» **What the exercise asks**
Print only the lines below from the one with "At the time" to the one with "La Figura I, el", both included, exactly as they stand. Leave pictures out.

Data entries
• • • •
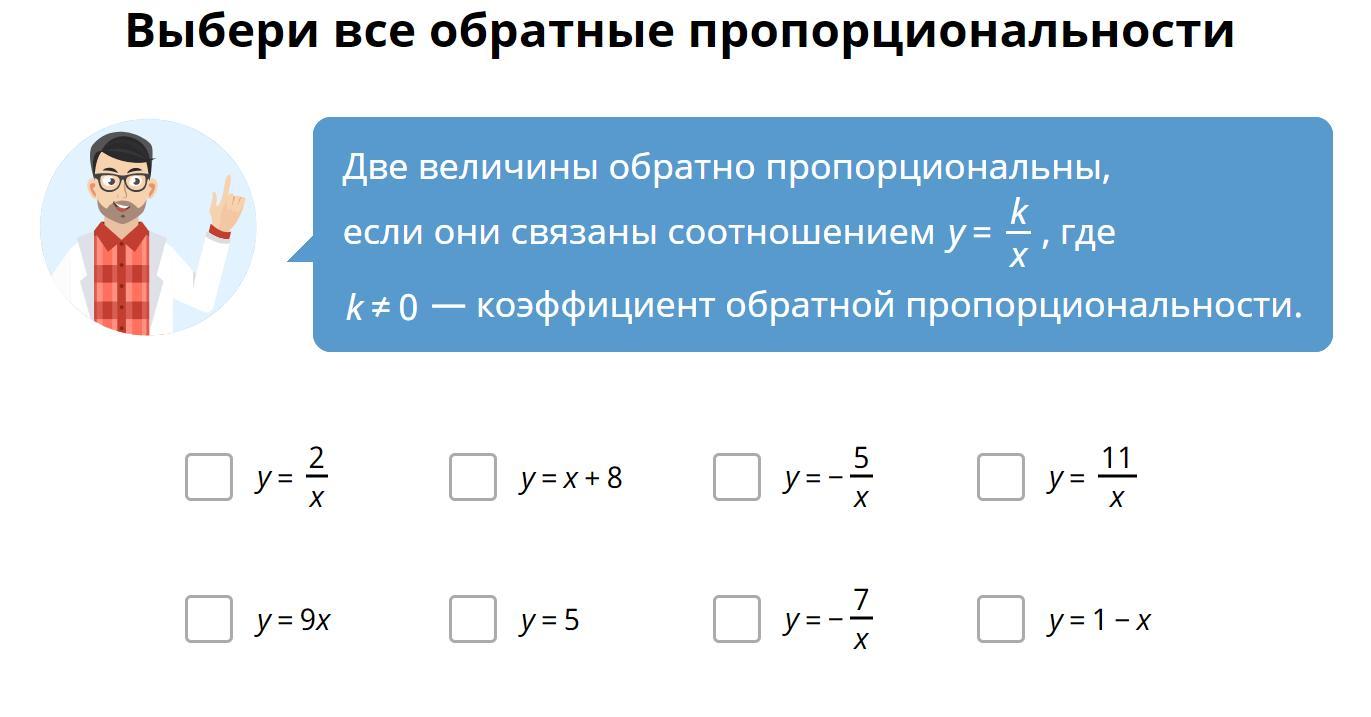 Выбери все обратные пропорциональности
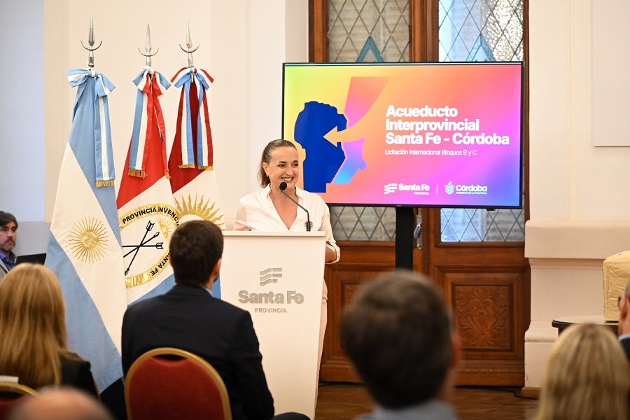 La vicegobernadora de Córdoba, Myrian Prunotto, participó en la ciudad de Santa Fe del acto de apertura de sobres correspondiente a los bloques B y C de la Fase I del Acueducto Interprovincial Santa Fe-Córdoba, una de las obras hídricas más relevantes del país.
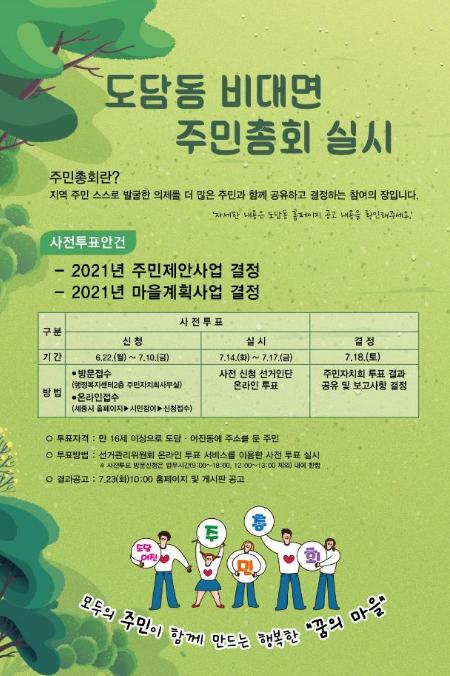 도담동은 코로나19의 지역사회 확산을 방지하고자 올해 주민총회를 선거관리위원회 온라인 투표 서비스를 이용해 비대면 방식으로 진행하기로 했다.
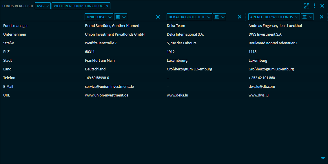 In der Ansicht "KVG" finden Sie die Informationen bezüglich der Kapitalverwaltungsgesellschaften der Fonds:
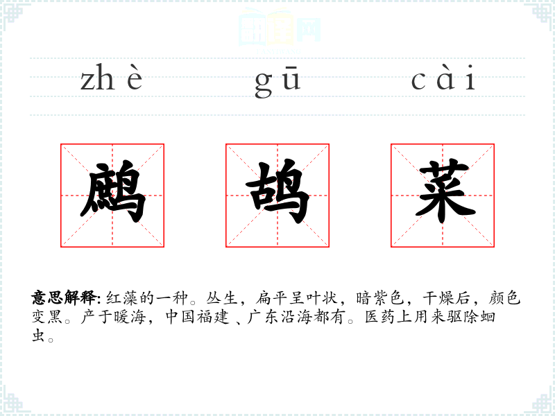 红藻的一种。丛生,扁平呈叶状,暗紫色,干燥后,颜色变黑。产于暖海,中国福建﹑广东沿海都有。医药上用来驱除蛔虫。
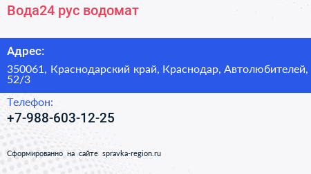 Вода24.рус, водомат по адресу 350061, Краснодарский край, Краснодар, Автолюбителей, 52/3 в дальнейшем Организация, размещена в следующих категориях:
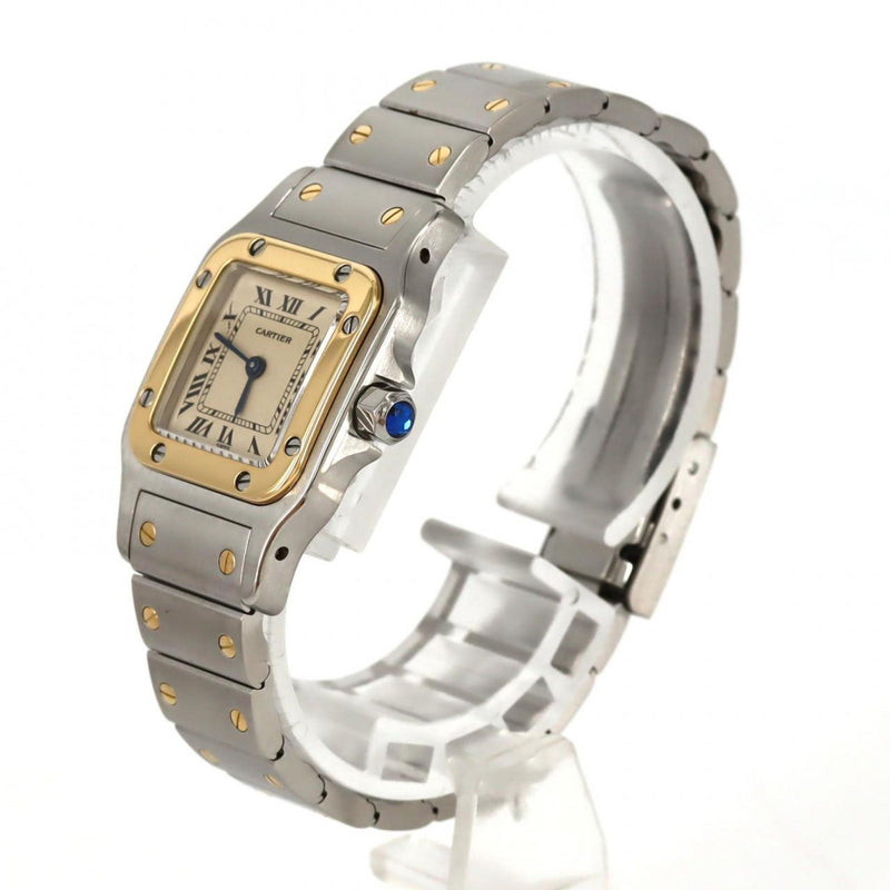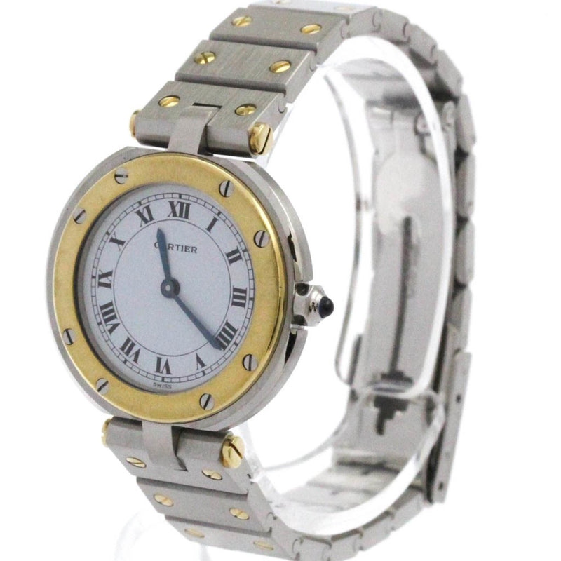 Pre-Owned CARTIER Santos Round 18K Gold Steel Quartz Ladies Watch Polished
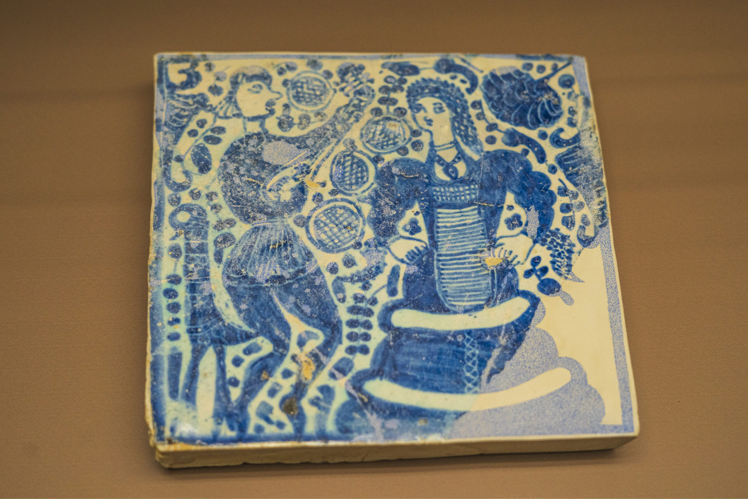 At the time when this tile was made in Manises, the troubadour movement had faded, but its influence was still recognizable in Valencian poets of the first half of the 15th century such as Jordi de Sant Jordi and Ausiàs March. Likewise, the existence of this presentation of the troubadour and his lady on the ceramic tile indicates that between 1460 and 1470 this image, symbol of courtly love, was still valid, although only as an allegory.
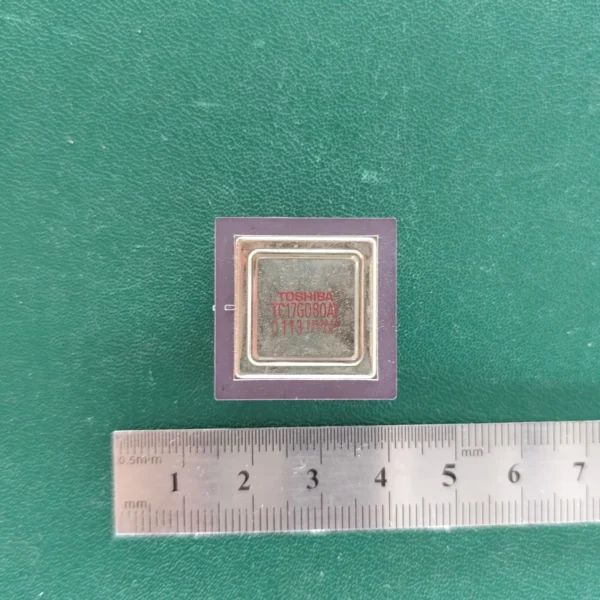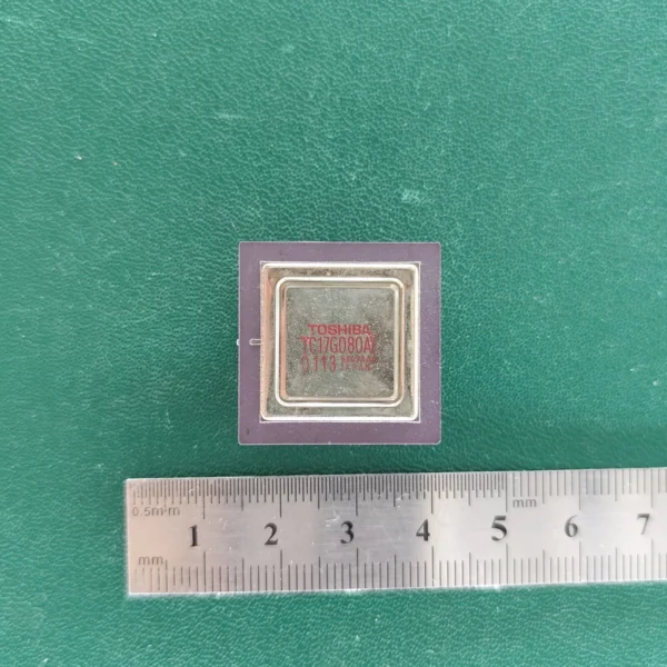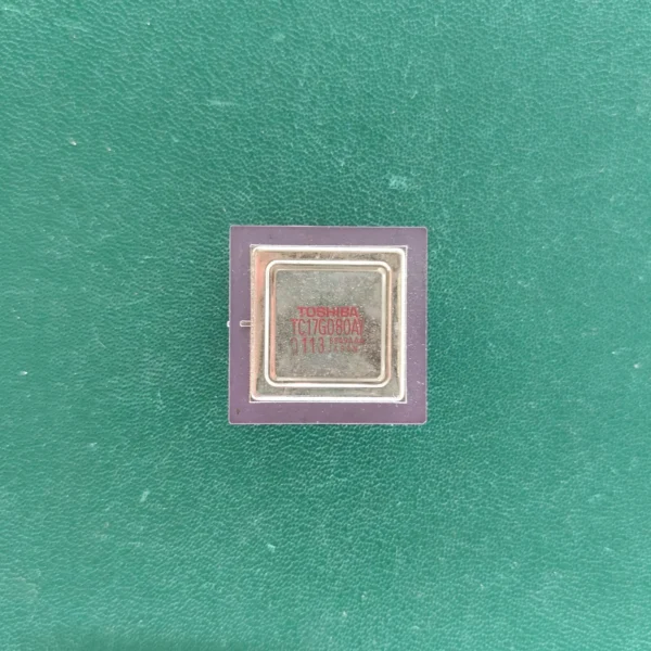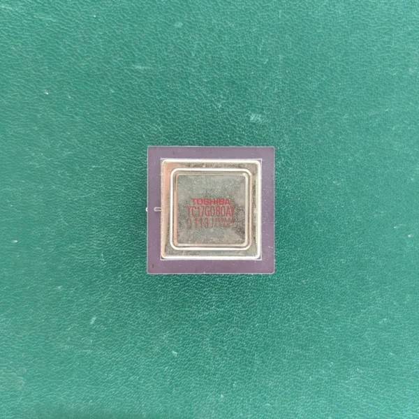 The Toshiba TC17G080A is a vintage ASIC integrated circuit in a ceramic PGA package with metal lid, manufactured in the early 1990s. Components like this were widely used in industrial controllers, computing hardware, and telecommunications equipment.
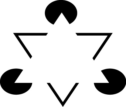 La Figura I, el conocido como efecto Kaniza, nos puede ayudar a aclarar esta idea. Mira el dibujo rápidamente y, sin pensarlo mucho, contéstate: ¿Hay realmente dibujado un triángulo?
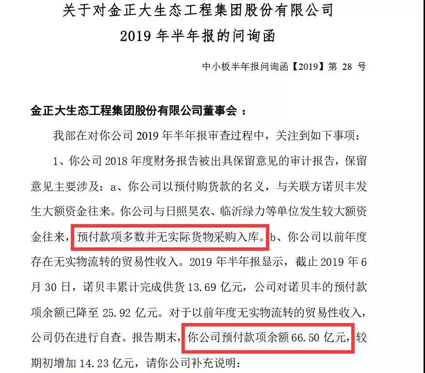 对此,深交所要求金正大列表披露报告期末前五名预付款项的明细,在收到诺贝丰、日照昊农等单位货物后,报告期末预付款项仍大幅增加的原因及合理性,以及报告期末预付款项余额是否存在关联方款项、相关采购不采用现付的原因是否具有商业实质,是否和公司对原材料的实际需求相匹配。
• • • •
» **Your solution**
 At the time when this tile was made in Manises, the troubadour movement had faded, but its influence was still recognizable in Valencian poets of the first half of the 15th century such as Jordi de Sant Jordi and Ausiàs March. Likewise, the existence of this presentation of the troubadour and his lady on the ceramic tile indicates that between 1460 and 1470 this image, symbol of courtly love, was still valid, although only as an allegory.
 The Toshiba TC17G080A is a vintage ASIC integrated circuit in a ceramic PGA package with metal lid, manufactured in the early 1990s. Components like this were widely used in industrial controllers, computing hardware, and telecommunications equipment.
 La Figura I, el conocido como efecto Kaniza, nos puede ayudar a aclarar esta idea. Mira el dibujo rápidamente y, sin pensarlo mucho, contéstate: ¿Hay realmente dibujado un triángulo?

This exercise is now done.